The Maccabees
Daytrotter Session - Aug 6, 2007
- Welcome to Daytrotter
- First Love
- Good Ol’ Bill
- Precious Time
- Toothpaste Kisses
Do young men still woo young women by tossing small pebbles at the panes of room windows, soft enough to be detected by the sleeper in the identified room, but silent to all those throughout the rest of the home? Do these pebbles peck off of the glass and carom at 45-degree angles, falling to the flooring of a hanging balcony that recalls settings from important scenes in the plays of Shakespeare? Do young men spend their time gathering sweaty palms still, lying awake making nights worrisome with doubt and unrequited love that almost makes them burst like a water balloon? Do they picture themselves climbing up trellises to take their fair maidens into their arms and really just love them truly, not in the sticky, commercialized, lustful way that you see in the big pictures and on the little screens?
If the answer to any of the above questions is yes, or I believe so, then The Maccabees could be the rightful chroniclers of these uncorrupted feelings of innocent love – the kind that Meredith Wilson wrote and Judy Garland sang about. Did Frank Sinatra help start the progression toward love going to that sexier place? Not quite sure, but Orlando Weeks approaches the term and the emotion with a flattering sense of “never been here before and it’s everything I hoped it would be from the pictures.”
All these pictures are dated and brittle, yellowed at the edges and showing men in suit coats and the most dapper accessories, the women in the finest dresses down to the floors, clutching hand fans and getting doors opened for them everywhere they go. Weeks probably doesn’t just bring his love interest enough flowers to fill three vases every waking day, but he cuts them fresh, going out to his own private garden and snips the stems of the prettiest and most aromatic.
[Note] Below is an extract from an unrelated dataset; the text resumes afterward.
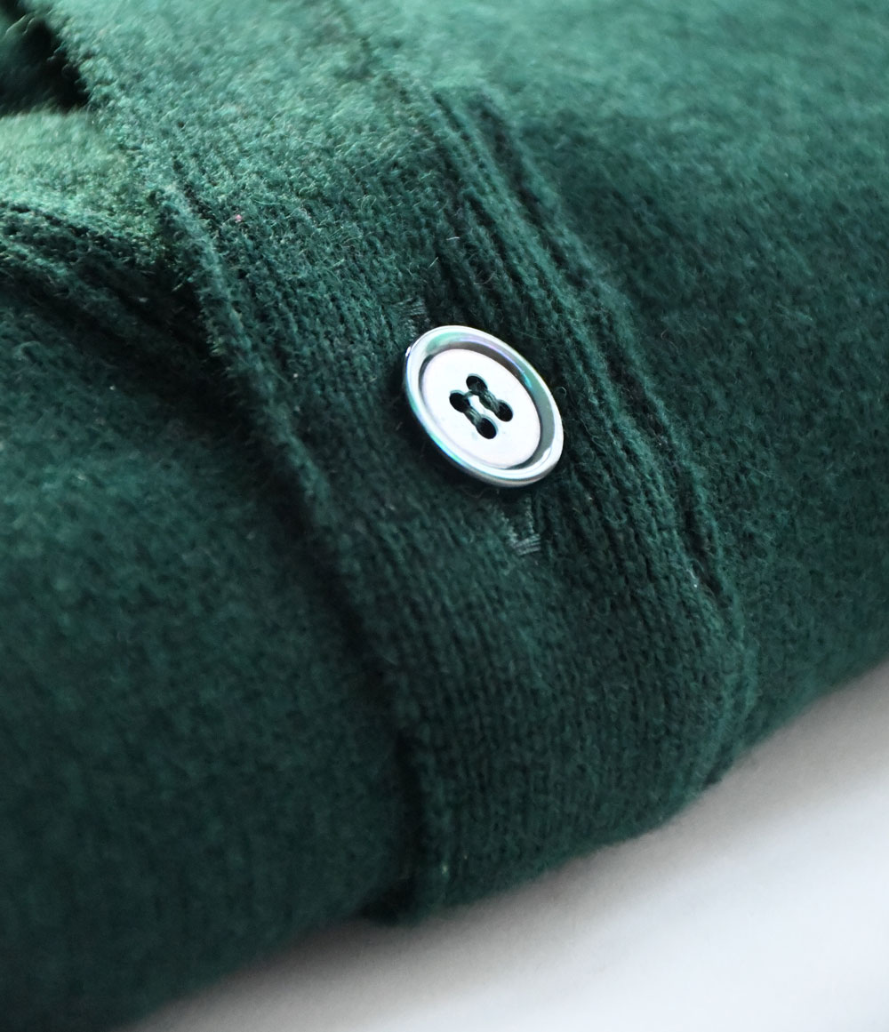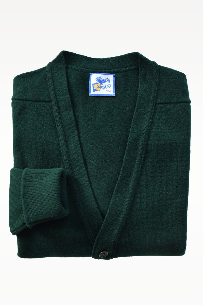 Le pull Cardigan Vert forêt Laine d’agneau – Ardent fait partie de la collection de prêt-à-porter intemporelle d’Ardentes Clipei.

He approaches love in all of the pop-perfect songs on the Brighton, England group’s debut full-length, Colour It In, the way those who’ve yet to become jaded on the subject do. He looks at love the way a boy who’s yet to shave does. It’s not unhealthy to do so at all. It’s endearing and more appropriately real than most periscopic views of it, believing there to be secondary feelings lying beneath the pretty ones. When people start thinking about getting to the nipples and into the pants, these songs can’t be. They’ve crossed that line into a different sort of love that still gets and deserves songs, but they’re oh so different.
The love in Weeks’ songs is patient and yet anxious for a return volley, blushing not at its existence, but appreciating it as a rare exposure to something that is more mature than anyone would likely give it credit for. It’s believed in and it’s loved itself – just the feeling of being in love is loved. It’s not sappy or soggy, just honest. The toothpaste kisses – while suggesting that the two lovers have moved in together – are innocent, despite the circumstances. They offer the natural progression that love takes when it’s naturally begotten. You love, you move in and you live, live, live.